Нет уж, спасибо. Пока Дзёно стерпит и проглотит порицание как рыба червяка-наживку, однако позже… позже всем злым языкам не знать покоя.
— Тэтте, кто-то идёт, — полушёпотом предупреждает он и проворно слезает с кушетки на пол, приземляясь без шума и суеты. Счастье Дзёно, что он не сможет лицезреть и оценивать внешний вид свой по достоинству… Одежда смялась и задралась вверх, малость оголяя впалый живот, а волосы-то, волосы!.. Счастье и Суэхиро — его не убьют, узнав об идиотских лохмах, сотворенных его грубыми руками.
— Дзёно, приве-ет! И тебе, Тэтте. Я думал, что ты ещё в общежитие…
И снова он вламывается беспардонно, без предупреждения и стука! У развеселого Татихары точно отбирается звание адекватного и смирного члена общества без гарантии возвращения, он заразился баловством и невоспитанностью от Теруко и Суэхиро.
— Бля-а, — пропускает мимо чутких ушей миролюбивое дружеское приветствие и ругается Сайгику, наощупь подходя к не приведенной в порядок койке и демонстративно плюхаясь на одеяло. — Могли бы и не дёргаться, лежать и дальше, знай я, что это ты идёшь…

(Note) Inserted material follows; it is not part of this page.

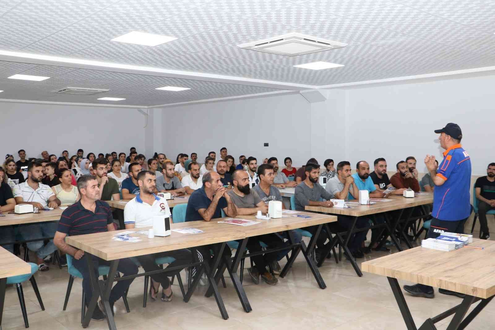 Diyarbakır Organize Sanayi Bölgesi’nde gözlük çerçevesi üreten bir firmada AFAD ve Diyarbakır Büyükşehir Belediyesi İtfaiye Ekipleri tarafından, fabrikada çalışan personele önce eğitim verildi sonra da yangın tatbikatı yapıldı. Organize Sanayi Bölgesi 3. etapta gözlük çerçevesi üreten bir firmada AFAD ve İtfaiye Daire Başkanlığı’na bağlı ekipler, fabrikada çalışan işçi ve yöneticilere eğitim verdi. AFAD uzmanları, doğal afetler hakkında detaylı bilgiler vererek, özellikle deprem öncesinde ve sırasında alınacak önlemler ile deprem sonrası yapılacak işlerle ilgili uygulamalı olarak eğitim verdi. Daha sonra İtfaiye Eğitim Amiri Veysel Murat Tapan, yangın çıkış sebepleri, yangın çeşitleri ve yangına müdahale ile yangın sonrası yapılması gerekenleri detaylarıyla ve uygulamalı olarak anlattı. Verilen eğitim sonrası, fabrika üretim alanında, suni duman verilerek yangın tatbikatı yapıldı. Sözde yangın sırasında çalışanların, neler yapması ve hangi güzergahları kullanmaları gerektiği gösterildi. Eğitim ve tatbikat sonrası, AFAD ve itfaiye ekipleri ile fabrika çalışanları ve yöneticileri, toplu olarak hatıra fotoğrafı çekti. Eğitim ve tatbikatı, AFAD İl Müdürü İlami Çakmak, İtfaiye Daire Başkanlığı Arama-Kurtarma Şube Müdürü Nedim Erig ve Organize Sanayi Bölgesi Müdürlüğü teknik ekip ve uzmanları izledi.

— Что за тотальное неуважение к моей персоне?! — сдвигает к переносице тонкие рыжие брови Мичизо, делая вид, что слова и вызывающе скорченная рожица задели его до самой глубины чувственной души. Он шуршит тяжелым пакетом и ставит его на стул, обычно занимаемый медсестрой или Тэтте, после чего с укором указывает на него пальцем и восклицает: — я тебе мандаринок купил, а ты… даже и не рад меня видеть.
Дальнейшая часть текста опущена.